IFI et dette relative à la résidence principale : une position illégale ?
Par Florent Belon, responsable expertise ingénierie patrimoniale d’Olifan Group
L’administration a énoncé dans un dossier de presse que la dette relative à la résidence principale devait être retenue pour seulement 70 % de sa valeur au prétexte que la résidence principale est évaluée avec une décote de 30 %. Cette position est contraire à celle retenue pour l’application de l’ISF (BOFiP-impôts BOI-PAT-ISF-30-60-30 n° 40).
Mais que dit la loi ?
L’IFI reprend la même rédaction des dispositions concernant l’abattement sur la résidence principale.
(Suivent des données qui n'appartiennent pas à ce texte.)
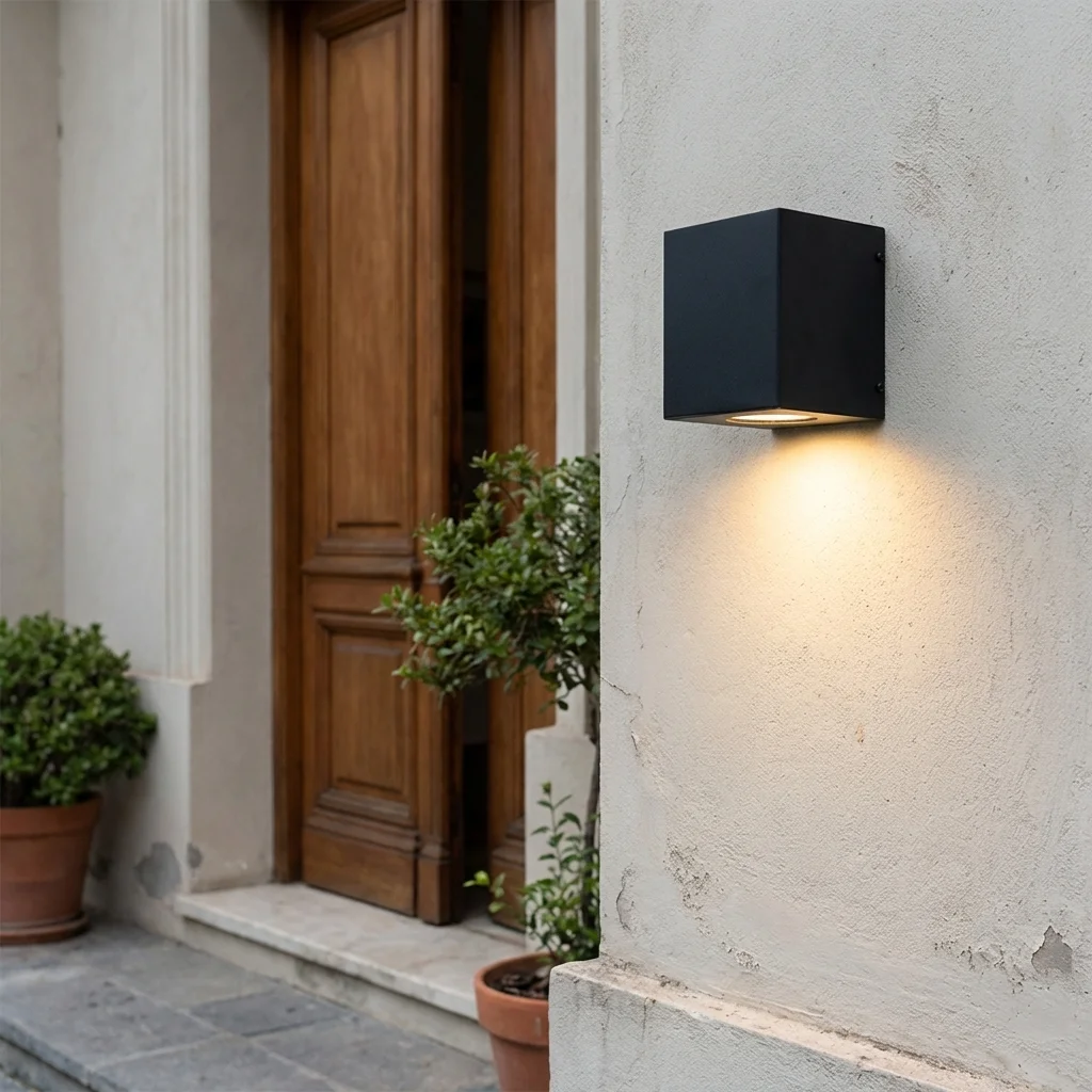Aplique Ext. Levanto — Cubo moderno hierro GU10
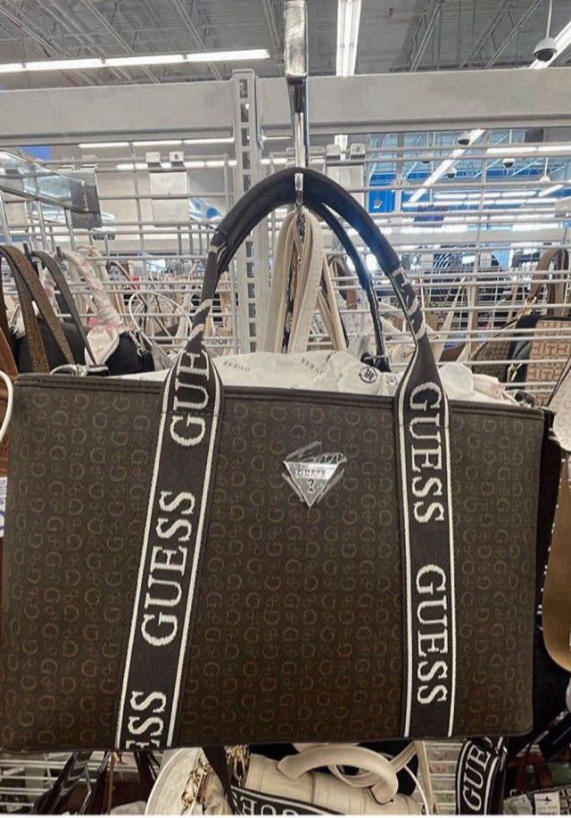 A stylish tote bag featuring the Guess logo and a detachable strap for versatility. Perfect for everyday use or as a chic accessory.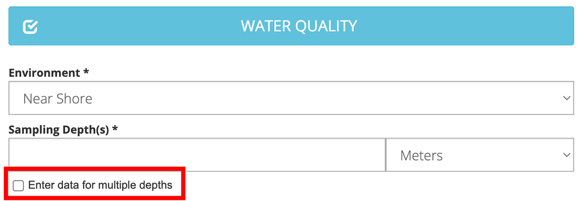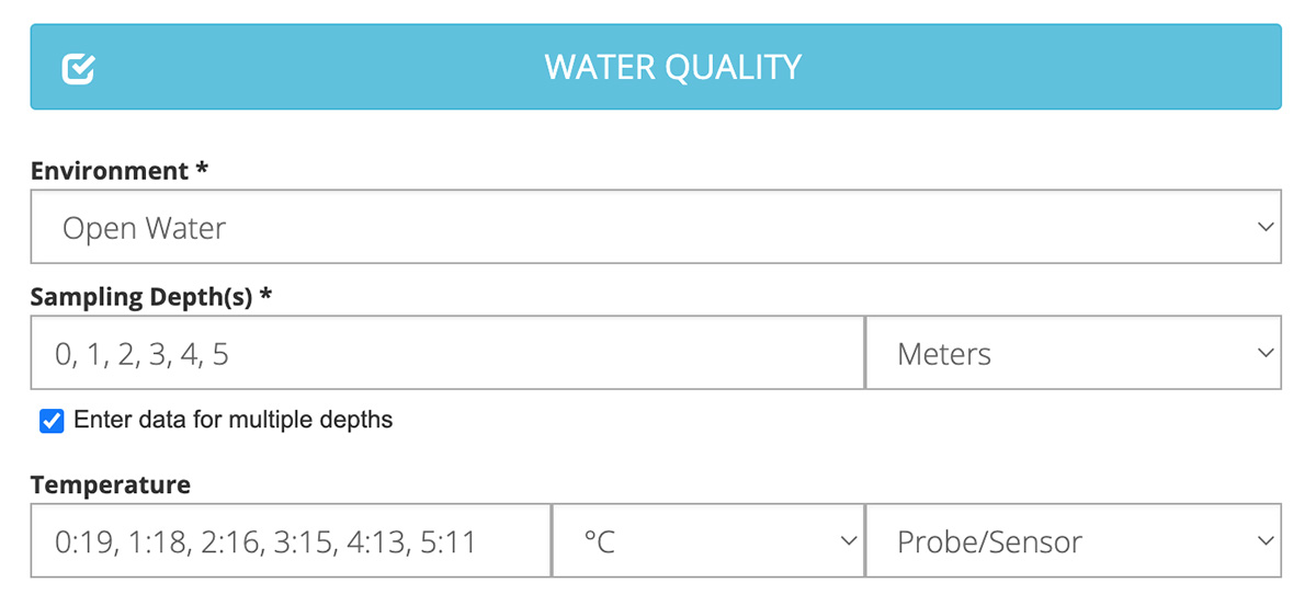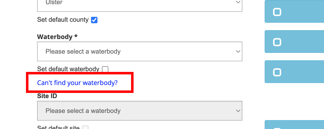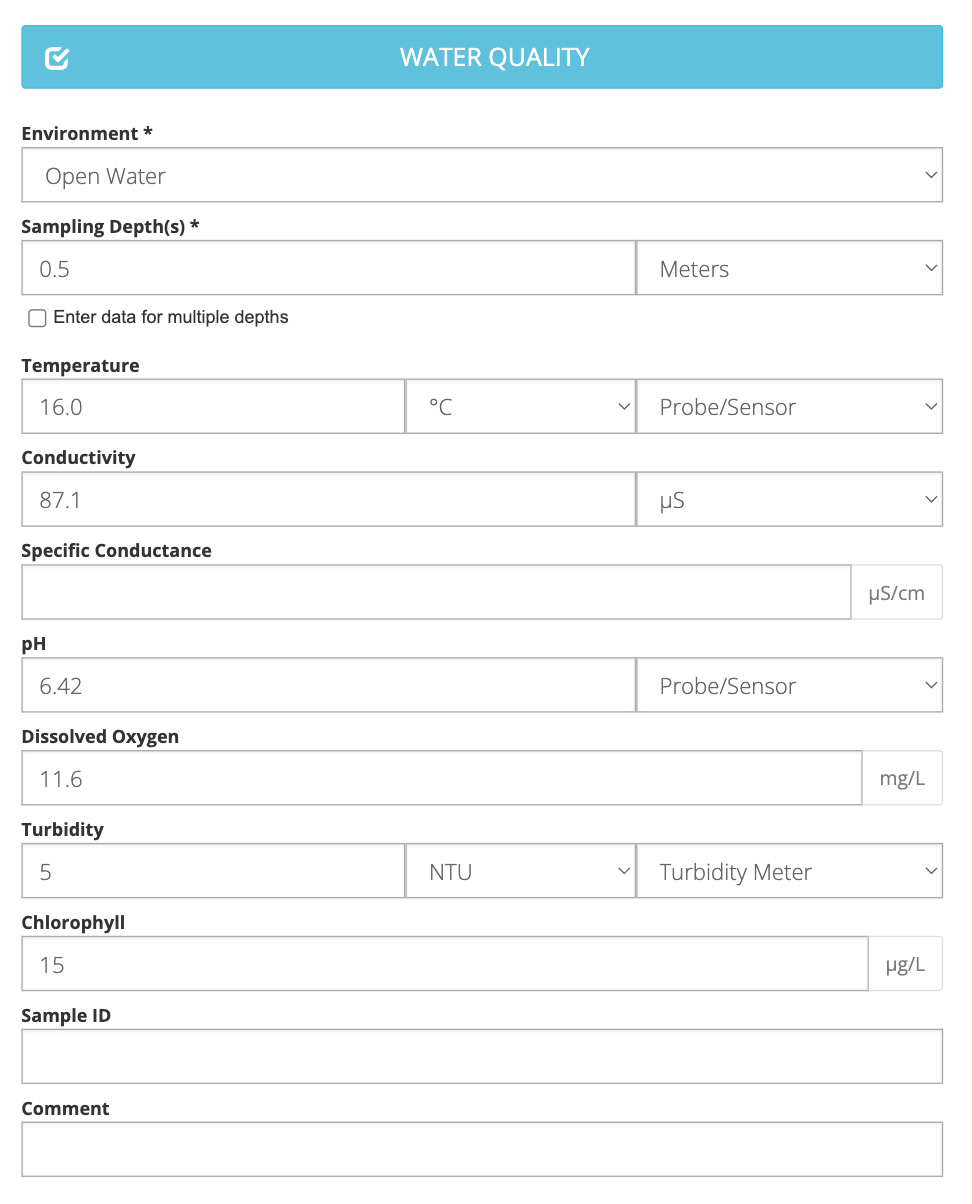 Note: If you are submitting data as part of a Project, your selection of Waterbodies may also be limited by that particular Project. In this case, you may not see all of your preferred Waterbodies. If you would like to have additional Waterbodies included in a Project, you will need to reach out to the Project Administrator.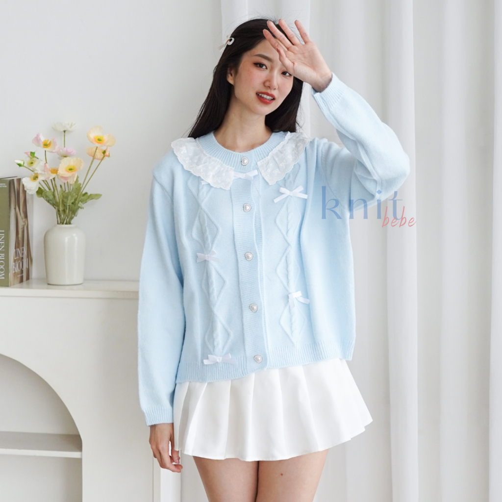 Knitbebe - Jean Atasan Cardigan Rajut Ribbon Knit Top Baju Pita Coquette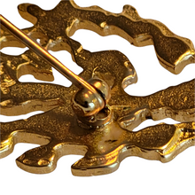 The signed gold tone brooch with a filigree stylized wisteria bloom measures 4 inches long by 1 inch at its widest point.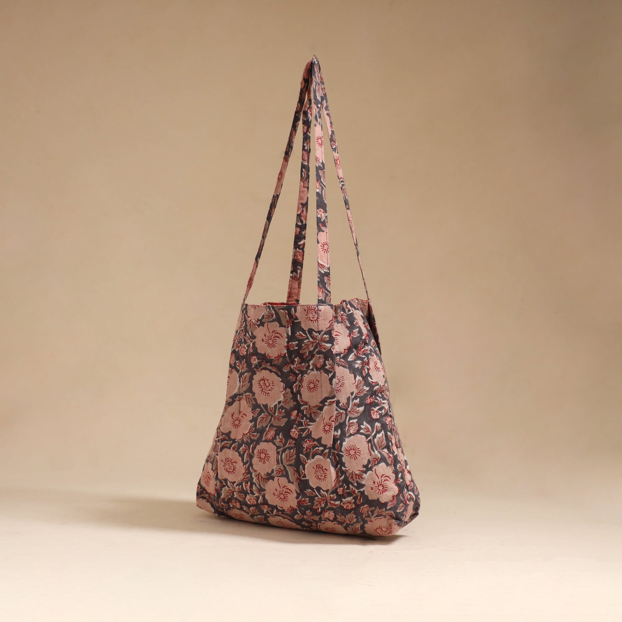 Brown handcrafted fabric jhola bag that beautifully blends tradition with everyday style. Made using handmade Indian cotton textiles, it features a spacious design with an inner pocket, ideal for keeping your daily essentials organized.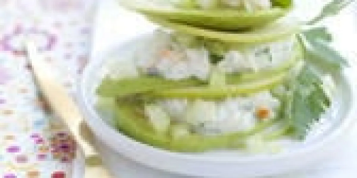 1 bel avocat, 2 pommes granny smith non épluchées, 100 g de chair de crabe égouttée, 1 yaourt nature, 1 citron, 2 branches de céleri, 1/2 c. à café de wasabi, 5 brins de persil, sel, poivre.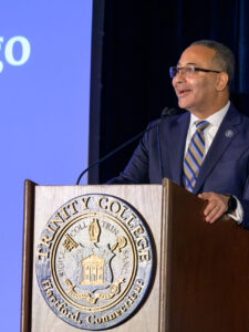 “The search committee was impressed immediately by Dan, who stood out above a highly competitive pool for his track record of accomplishments and for his deep commitment to the value of a liberal arts education and to fostering a sense of belonging on campus,” said Lisa Bisaccia ’78, chair of the Trinity College Board of Trustees and of the presidential search committee. “We particularly noted Dan’s ability to steer institutions toward enduring financial strength while amplifying their brand and deepening campus pride.”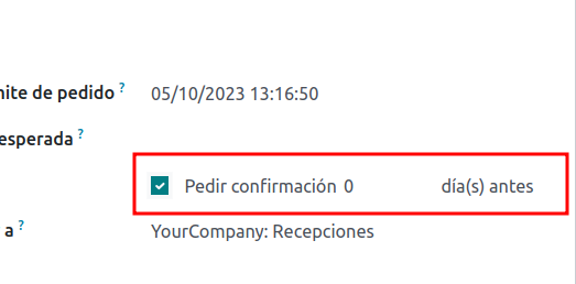 Al seleccionar la opción Pedir confirmación, se mostrará un nuevo campo, donde podremos establecer el valor de cuántos días antes de la entrega esperada se ha de enviar el correo.

Mais l’article 974 du Code général des impôts relatif à la déduction du passif n’évoque plus la notion d’ « exonération » au profit de celle de « fraction imposable ».
Abattement de 30 % : modalité d’évaluation simplifiée ou bien imposition partielle ?
Le point fondamental pour juger de la légalité de la position de l’administration refusant la déductibilité de 100 % de la dette est la suivante : l’abattement doit-il être considéré comme :
- une modalité d’évaluation de la résidence principale permettant de prendre en compte une décote liée à son occupation personnelle, et dans ce cas la dette doit être déductible à 100 % ;
- ou comme un avantage permettant une taxation partielle à hauteur de seulement 30 % de la valeur réelle ? Dans ce dernier cas on ne pourrait en effet que déduire 70 % de la dette.
La jurisprudence de la Cour de cassation et l’origine de l’abattement légal
Dans un arrêt du 13 février 1996, la Cour de cassation a énoncé dans l’affaire Fleury concernant l’impôt sur les grandes fortunes (IGF), ancêtre de l’ISF, que, pour la détermination de la base imposable, la valeur de l’appartement occupé à titre de résidence principale par son propriétaire doit tenir compte de la circonstance de fait résultant de cette occupation, alors que la loi prévoyait une imposition selon la valeur libre d’occupation (Documentation de base 7 S 351).
Par conséquent, l’administration énonçait suite à cet arrêt dans sa doctrine (Documentation de base 7 S 352) : « en matière d’ISF et conformément à la jurisprudence de la Cour de cassation, la valeur du logement occupé à titre de résidence principale par son propriétaire n’est pas remise en cause, pour l’ISF dû au titre de 1998 et des années antérieures, si l’abattement pratiqué à ce titre par le redevable n’excède pas 20 % de la valeur vénale du bien libre de toute occupation. »
Le sens de la loi, de par son origine, ne donne pas lieu à hésitation.
La position exprimée par l’administration est donc à notre sens illégale !
Citons le ministre de l’Economie Bruno Le Maire, au cours des débats parlementaires (Sénat, séance du 23 novembre 2017) au sujet des règles de l’IFI : « Cet impôt sur la fortune immobilière, je le rappelle, ne fera aucun perdant. Il reprend exactement les règles de l’ISF sur le volet immobilier : même seuil et même abattement de 30 % sur la résidence principale. »
Que faire ?
L’administration ne s’étant pas prononcée dans un document ayant une valeur juridique, opposable, on ne pourra introduire un recours pour excès de pouvoir en vue de faire annuler la position administrative (CE, 12 juillet 2017).
Si l’administration en reste là, en énonçant des positions illégales non seulement dans un dossier de presse, mais également dans la notice IFI ou dans le précis de fiscalité (ce qu’elle n’a pas encore fait), cela peut lui permettre d’inquiéter le redevable sans craindre une défaite judiciaire en rase campagne à court terme.
La justice ne pourrait contredire l’administration que suite à une procédure judiciaire classique et forcément longue jusqu’à la Cour de cassation.
En revanche, si elle prenait cette position illégale dans le BOFiP ou une réponse ministérielle, un recours pour excès de pouvoir pourrait alors être introduit.
Nous invitons les parlementaires (encouragés le cas échéant par leurs administrés) à poser des questions écrites au ministre afin que soit cette position illégale soit abandonnée, soit que l’administration la maintienne et qu’elle puisse être annulée pour excès de pouvoir.
Nous conseillons aux redevables IFI ne craignant pas quelques échanges avec l’administration de ne pas appliquer d’abattement sur la dette de leur résidence principale.
Ils pourront, le cas échéant, réaliser une mention expresse dans leur déclaration, c’est-à-dire indiquer qu’ils ont déduit la totalité de leur dette. Ceci attirera l’attention de l’administration mais prouvera leur bonne foi, leur évitant ainsi des intérêts de retard en cas de redressement.
Les autres pourront appliquer l’abattement sur la dette en attendant que lumière officielle soit faite.